The courtroom scene is just finishing up. It is very painful to watch how the character of Tom [played with powerful understatement by Brock Peters] is treated. It is so sad to realize that this happened all the time--and probably still does today in a more subtle way.

When I read the book as a young girl, I was totally fascinated by the 2 kids. I couldn't wait to see what Jem, Scout and Dill would get into next. The whole Boo Radley obsession was funny to me. It reminded me to some extent of my brothers and I and our friends. Back in the days when kids played outside and did make-believe. Do kids do that at all anymore? We had so much fun creating worlds for ourselves.

Now we're up to the part when Jem and Scout are walking home from the school pageant on Halloween night. Scout is in a papier mache ham costume because she has lost her dress. They take a short cut through a wooded area, with Jem leading her by her "ham hock." And suddenly they're attacked. One of the most tense film sequences I can remember--especially because of what you don't see.

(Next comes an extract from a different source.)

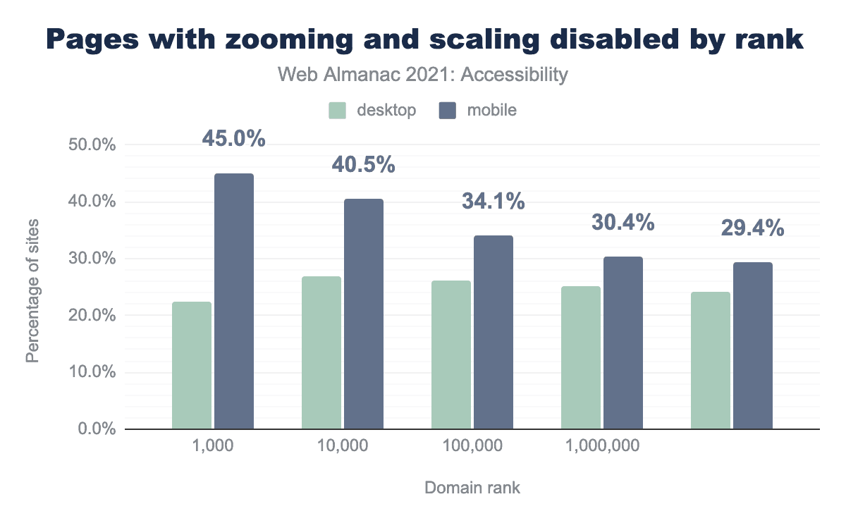 We found that 24% of desktop home pages and 29% of mobile home pages attempt to disable scaling by setting either maximum-scale to a value less than or equal to 1, or user-scalable set to 0 or none.

I know that the actress who played Scout only did a couple more films. as did the young man who played Jem. Both were complete unknowns, cast for their genuine Southern-ness. And I bet you didn't know who thew then-unknown who played Boo Radley was Robert Duval--one of today's most respected actors.
okay--gotta go find the book and re-read it yet again.... wanna join me?

Monday, March 1, 2010

"Beware the Ides of March." —Julius Caesar

Happy March one and all.

Well, it’s March—finally. Some light at the end of the horrible long tunnel that was the winter of 09-10. We will not soon forget this season I’m sure.

Did you know that March is:

Irish-American Month [Faith and Begorrah, me ancestors would be pleased.]

Music in Our Schools Month [what would a football game be without the marching band? Seriously—and what would they do at Christmas…]

National Craft Month [get out those popsicle sticks and pipe cleaners and go to it]

National Frozen Food Month [shouldn’t it also then be National Microwave Month?]

National Peanut Month [find Jimmy Carter and give him a hug. Or a jar of Jiffy, whatever works for ya.]

National Women’s History Month [what, we only get 1 month?! Puh-leaze]

Poetry Month [roses are red, violets are blue; I’m having fun with this post—how about you?]